Cita:A particularly assertive and savvy recruiter was able to populate the Homefront team with very experienced developers -- in most cases, the new hires had more qualifications than those senior to them. "One of the guys we interviewed had a more impressive resume than my own, but we felt he didn't meet our requirements," says the former staffer. "That told me that if I had the same resume [as when] I applied to Kaos a few years before and came to work for Homefront, I couldn't get my own job.

Another former Kaos employee says that longtime leadership failed to adapt processes for a larger staff and a higher-end product. The highly-qualified recruits came with high salaries and relocation fees, but management wasn't prepared to make the most of that acquisition expense. "They didn't listen to the very talented team they hired," laments the ex-staffer. "You had this level of leads with tons and tons of experience, and you had the directors with much less."

Cita:DeLise is described by his former colleagues as the studio's passionate head and heart, and a resolute problem-solver who built the studio from scratch and liked to get as much as possible done with his own two hands. That made the gap left by his departure all the wider, as many claim there was no plan for anyone to adequately take the reins from him.
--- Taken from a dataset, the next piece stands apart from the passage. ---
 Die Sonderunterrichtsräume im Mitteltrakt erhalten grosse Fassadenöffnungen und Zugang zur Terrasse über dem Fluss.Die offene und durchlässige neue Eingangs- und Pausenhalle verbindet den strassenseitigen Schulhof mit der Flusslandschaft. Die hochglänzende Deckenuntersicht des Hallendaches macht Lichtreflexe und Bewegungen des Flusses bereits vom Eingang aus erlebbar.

From there, morale began to suffer, as management structure felt uncertain and weak amid a revolving door of GMs and similar leadership. Many staffers reported an uncomfortable environment where art and design often felt oppositional and adversarial, thanks to a widely-disliked art director who had to be fired in the middle of Homefront. The first general manager hired to replace DeLise also didn't work out. By 2010, one ex-employee estimates that up until the game's Alpha period, Kaos lost about a person per week for about the first 30 weeks of the year.

The source describes a team picture hung in a concept artist's office that quickly became a sea of crossed-out faces as the artist kept track of who had quit.
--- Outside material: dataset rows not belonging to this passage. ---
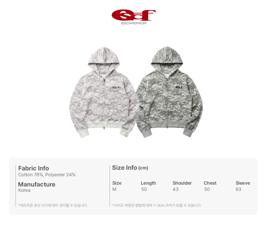 이스케이프프롬 호피 카모 풀프린트 스탠다드핏 후드집업 그레이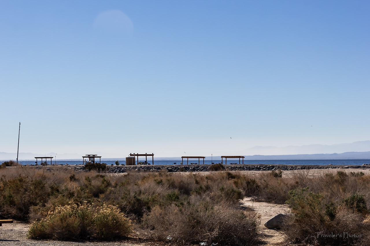 호수의 북쪽으로 해변(?)이 있는데, 바다에만 있을 법한 모래밭이 끊임없이 이어져 있고, 이 모래밭에 공원과 야영장이 여럿 만들어져 있다. 겉에서 보이는 호수는 그저 아름답고 낭만스러울 것만 같은데, 막상 가까지 가보면 겉에서 보는 것과는 많이 다르다. 우선 물에서는 그리 상쾌하지 않은 냄새가 나고, 물빛은 다소 어둡다. 아마 소금기가 많기 때문일 것이다.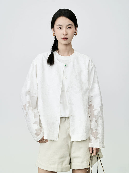 Chaqueta de traje con textura de calidad para mujer, diseño chino, color albaricoque blanco, de CAREMIND

Cita:And many feel his creative input ultimately made the game better -- with one exception. It was Bilson's idea to make North Korea the occupying force of Homefront, despite how unlikely a significant U.S. invasion by such a small nation would be. Most North Korean confrontations with America have been little more than posturing.

The premise was widely questioned in the press, which caused the team some stress. According to our sources, Kaos had originally envisioned the invaders as Chinese, but THQ feared that such a portrayal would hurt its prospects for business in China, which has in recent years rapidly begun offering more and more opportunities for Western game developers.

Kaos suggested a coalition of Asian nations instead, but Bilson passionately preferred the Korea idea, and so it stood. An ex-staffer describes this as "demoralizing," in that the implausibility of the premise felt "stupid" to the team, and it was also frustrating for employees to see most of the press at that stage questioning the idea rather than looking seriously at the game.

Cita:One source tells us the minimal expectations for all members of the studio were six months of 12-hour shifts, six to seven days per week. But actually, according to the ex-staffer, most of the studio was clocking 14 to 16 hour days, seven days a week, during that six-month window. Some worked that schedule for 14 months, and jobs were at risk if the time quota wasn't met.

The staffer describes "inhuman, combative" leadership and labor under a system of fear. Many employees say their health and family relationships suffered -- and hearing THQ execs tell the media that crunch was reasonable and expected felt like a slap in the face, as the crunch came from poor management and an unhealthy environment, not because the work ethic dictated it.

Cita:And Kaos' own studio was rife with facility problems. Employees describe an "absolute dump" where, by the end, some staffers had desks beneath stairs. One men's room urinal sprung a leak, and someone's idea of repair was to stick a trashcan underneath it with a warning sign. One ex-employee estimates the urinal went un-repaired for some seven months, and that the "Urinal Bucket" became something of a symbol for the hopelessness and irrelevance the team felt when compared to THQ's shiny new Canada studio -- the one THQ would soon announce was taking over Kaos' franchise.